I was reminded of something I read in one of CA's books.  In a section on rewiring guitars, he mentioned that in lieu of grounding directly to the bridge or tremolo spring plate on a guitar or bass, either Dan Armstrong or Mike Matthews suggested placing a capacitor in place of that ground connection.  I can't quite remember the specifics of the suggestion just that it got me intrigued.  Could anyone give me any insights into this and what it would accomplish? My only guesses involve decoupling and/or filtering, but on a ground line?
Passive sucks.

Progressive Sound, Ltd.
progressivesoundltd@yahoo.com

R.G.

It keeps you from dying if the amp your guitar is connected to has an AC leakage problem.

The reason that the bridge/strings are grounded is that it lessens RF pickup and spiky flourescent light hum/buzz. It also hard-wires you to the signal ground of your amp. If that amp leaks some AC into signal ground, you can get shocked or die if you are holding a guitar and mouth a microphone, for instance.

The capacitor is a short circuit at RF, so the RF buzz problem stays fixed, and it's an open at 60Hz so you don't die.
R.G.

In response to the questions in the forum - PCB Layout for Musical Effects is available from The Book Patch. Search "PCB Layout" and it ought to appear.

lethargytartare

See

http://www.guitarnuts.com/index.php

He has a nice heap of info on this issue, grounding, and a nicely guided mod to implement a shock prevention setup in your guitar.

ltt

Satch12879

Yes exactly!
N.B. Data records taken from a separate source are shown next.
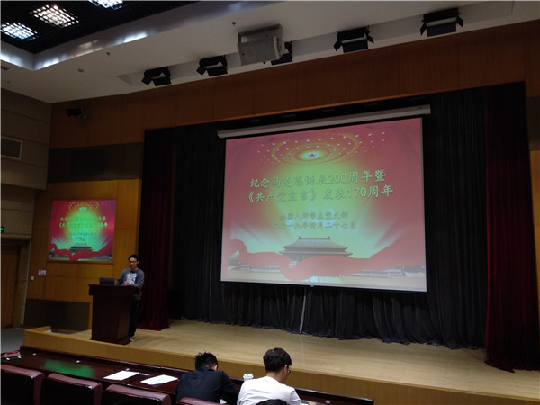 隨后,全體師生共同觀看了紀(jì)錄片《卡爾·馬克思的一生》。片中記錄了馬克思的生平,講述馬克思與燕妮的婚姻、與恩格斯的一拍即合、被驅(qū)逐的一段落魄生活。在當(dāng)時(shí)那么殘酷的社會現(xiàn)實(shí)之下,馬克思仍然初心不改,滿腔熱情地投入到實(shí)踐和創(chuàng)作中,給觀看的師生留下了深刻的印象,同學(xué)們看完之后對于《共產(chǎn)黨宣言》和《資本論》的時(shí)代背景,以及馬克思的生平有了更加深入的了解。郭莉談到,通過重溫馬克思的一生和學(xué)習(xí)《共產(chǎn)黨宣言》,激勵(lì)大家不忘初心、牢記使命,她希望黨員同學(xué)能夠經(jīng)常研讀經(jīng)典,并從中汲取精神動力。會議最后還進(jìn)行了春季安全教育。
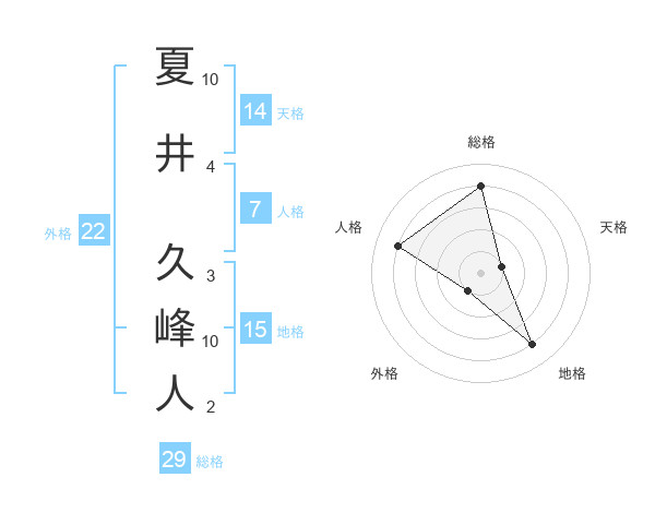夏井 久峰人さんを姓名の画数から五運を鑑定
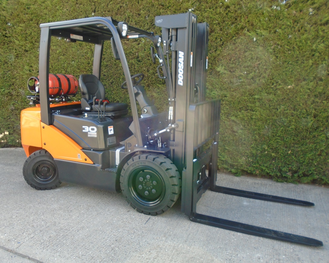 5337 Doosan G30P-7 3000kg gas counter balance with a triplex 4730mm lift height full free lift mast & closed height of 2180mm with sideshift.
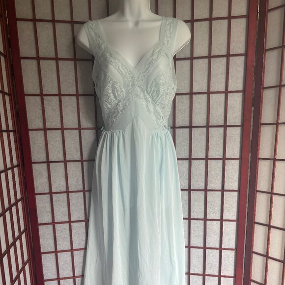 Kayser Luxite 1940-50’s Light Blue Nightgown with Lace Accents Size 34
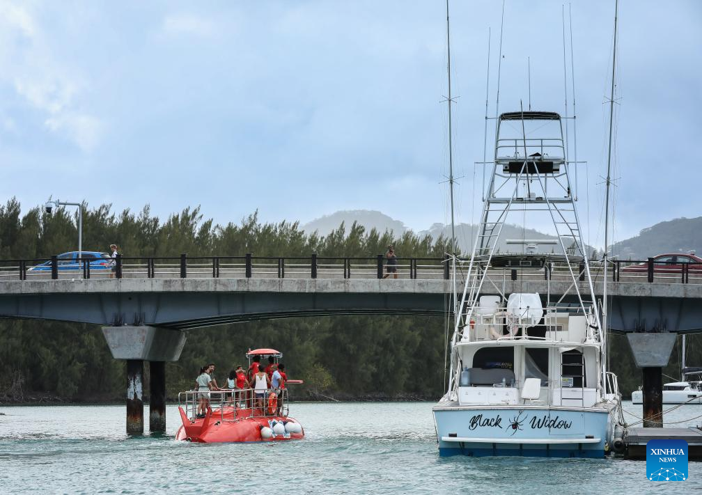 Tourists take a sightseeing submarine on Mahe Island, Seychelles, on Sept. 26, 2025. Seychelles is an Indian Ocean archipelago comprising 115 islands. Mahe Island, the largest among all islands of the nation, is home to the capital city Victoria and a renowned tourist destination. (Xinhua/Han Xu)
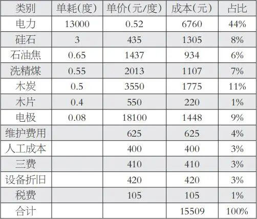 表为2024年3月云南421#工业硅成本模型
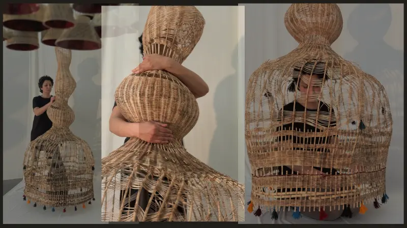 Description: This artwork features a tall, intricately woven basketry form that combines organic curves and textures, adorned with vibrant tassels symbolizing home, cultural richness, resilience, and the interplay between traditional craft and contemporary innovation.
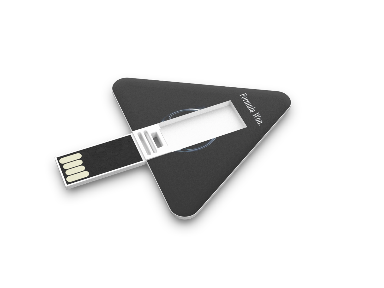 USB cards come in a number of shapes and sizes. Our triangular card USB offers a further alternative that can suit a particular style of business, logo or message. Full colour printing, up to the edge and on both sides of this sturdy plastic product, comes as standard. Pull out the USB and this model turns into an arrow, a tree or even a plane!
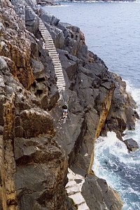 vertigo-inducing narrow ledges, to a second concrete platform.
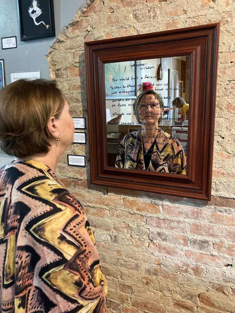 The poem was originally entitled “advice,” but I often re-fresh poems when I join them with artwork as a new day brings me to a new place of being. In general, I quite enjoy breaking words apart and the first time I wrote the title on the mirror it struck me as “add-vice.” Why would I want to “add to the vice” of ill emotion? “Wisdom” immediately came to mind. A “wise kingdom.” Might that be where a best friend would reside? Yes, that felt like a more fitting title.

That was the other part of the bit of info from the book.  Anderton was saying some players liked to float that connection but he stressed not having it could be lethal.  I'm pretty sure it was from the earlier book (70s) and getting shocked as you were describing was a definite occurance back then.  Hell, it can still happen now in the right situation...

Say R.G., is it a beneficial mod in your opinion?
Passive sucks.

Progressive Sound, Ltd.
progressivesoundltd@yahoo.com

jayp5150

A friend of mine had this happen to him about 8 years ago.  He was playing bass, stepped up to the mic and got bit.  It put a huge welt across his thumb (where it was resting on the top string), and he was a bit "cloudy" for 2 days.

I'm pretty sure this was old equipment, though.

oczad

Or if you use a wireless you don't have to worry about it. :)

actually, the only time i ever touch the strings and any other part of the circuit including house wiring would be as was mentioned already......the mic. And since the only time i'm using a mic is onstage where i exclusivly use a wireless, i've never been shocked. (tho i sure did a few times B4 i used wireless !)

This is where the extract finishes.